Aquavit Holdings (Aquavit), a biotechnology company focused on the development of botulinum toxin applications, announced today that it has received FDA clearance to initiate clinical trials for DTX-023 and DTX-024, following its submission of Investigational New Drug Applications.
Aquavit will begin its Phase II/Phase III trials for DTX-023 (aqubotulinumtoxinA) and DTX-024 (aqubotulinumtoxinA with intradermal microinjector) under the study protocol titled S.W.E.A.T. I™ (Safety with Efficacy of AQUATOX for primary Axillary hyperhidrosis Trial) and S.W.E.A.T. II™ (Safety with Efficacy of AQUATOX for palmar hyperhidrosis Trial).
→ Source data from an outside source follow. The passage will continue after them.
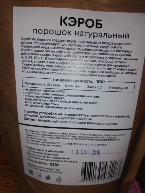 Поэтому кэроб с айхерба планирую тоже заценить, хоть этот взяла в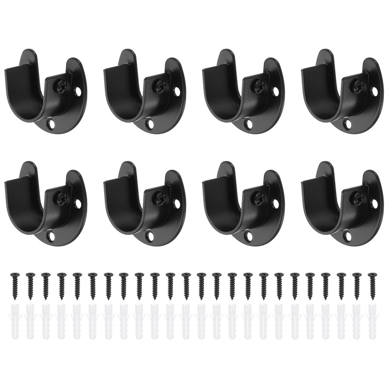 - Colour: Black; Material: 201 Stainless Steel; Surface Treatment: Electroplating; Total Height: 22mm / 0.87"; Flange Base Diameter: 45mm /1.77"; Mounting Pipe Diameter: 25mm / 0.98"; Package Contents: 8Pcs x Closet Rod End Supports (24Pcs x Self-tapping Screws, 24Pcs x Expansion Tube)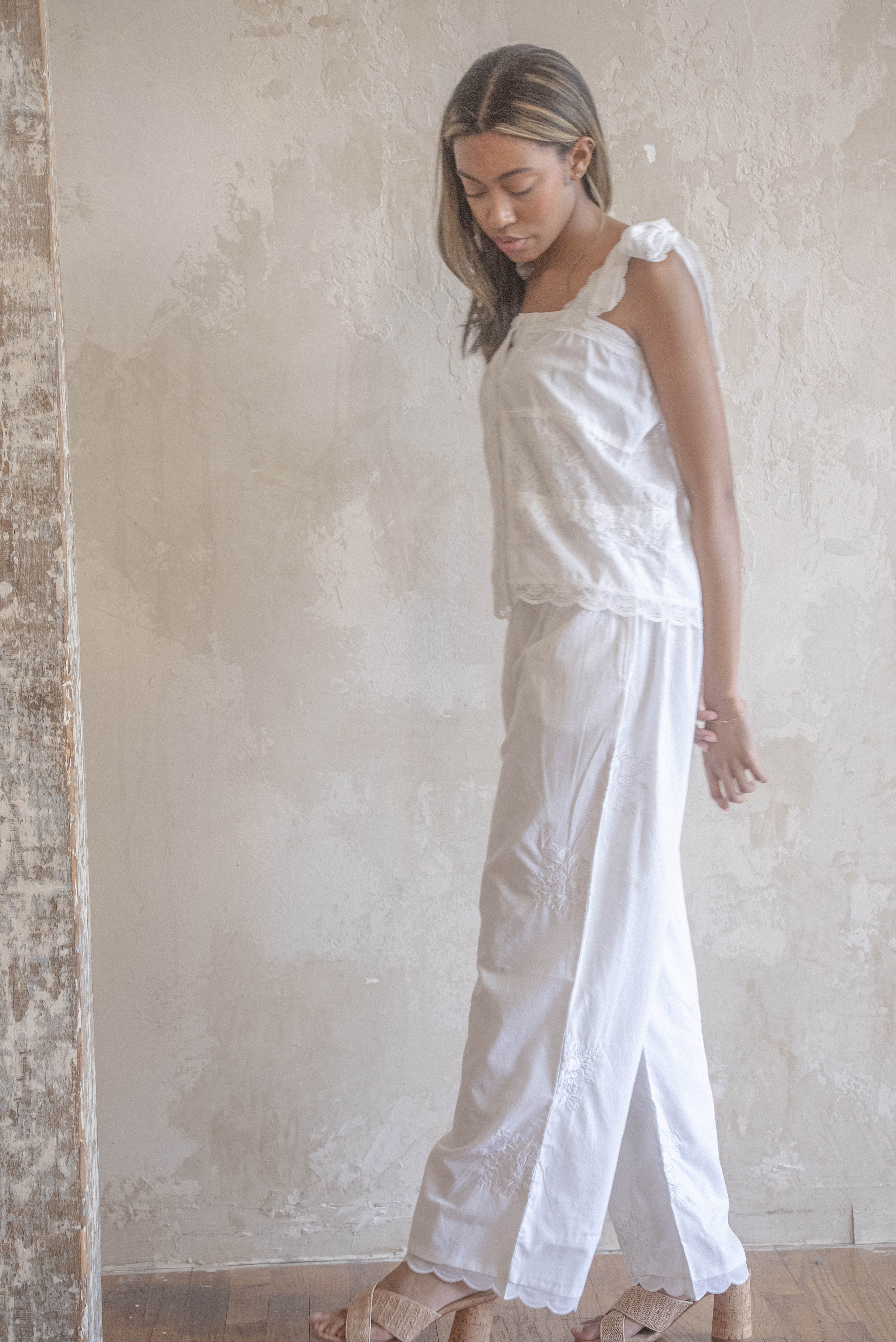 PRE-ORDER: MADISON DRAWSTRING WAIST PANT | SUMMER BLOOMS EMBROIDERY

"We are thrilled with the FDA's green light of DTX-023 and DTX-024. We will focus on successfully completing S.W.E.A.T. I™ and II™ in a timely manner while anticipating the IND approval of DTX-025 in the near future," said Sobin Chang, MPH., Chief Executive Officer of Aquavit. "We are truly grateful to our investigators who signed on early for the studies, valuable clinical advisors, and quality research organisations such as IBTXR (Institute for Botulinum Toxin Research)."
Aquavit is the first company in history to pursue FDA approval for intradermal injection of botulinum toxin for the treatment of palmar hyperhidrosis.
"Botulinum toxins have been utilised for aesthetic and therapeutic indications for over three decades. However, the lack of diversity of the industry limits the potential for new research topics and innovations. We are excited about the possibility of completing our clinical trials and being able to use DTX-023 and DTX-024 to treat the unmet needs of so many patients," added Churlsu Kwon, MD. PhD. MPH., Chief Medical Officer of Aquavit.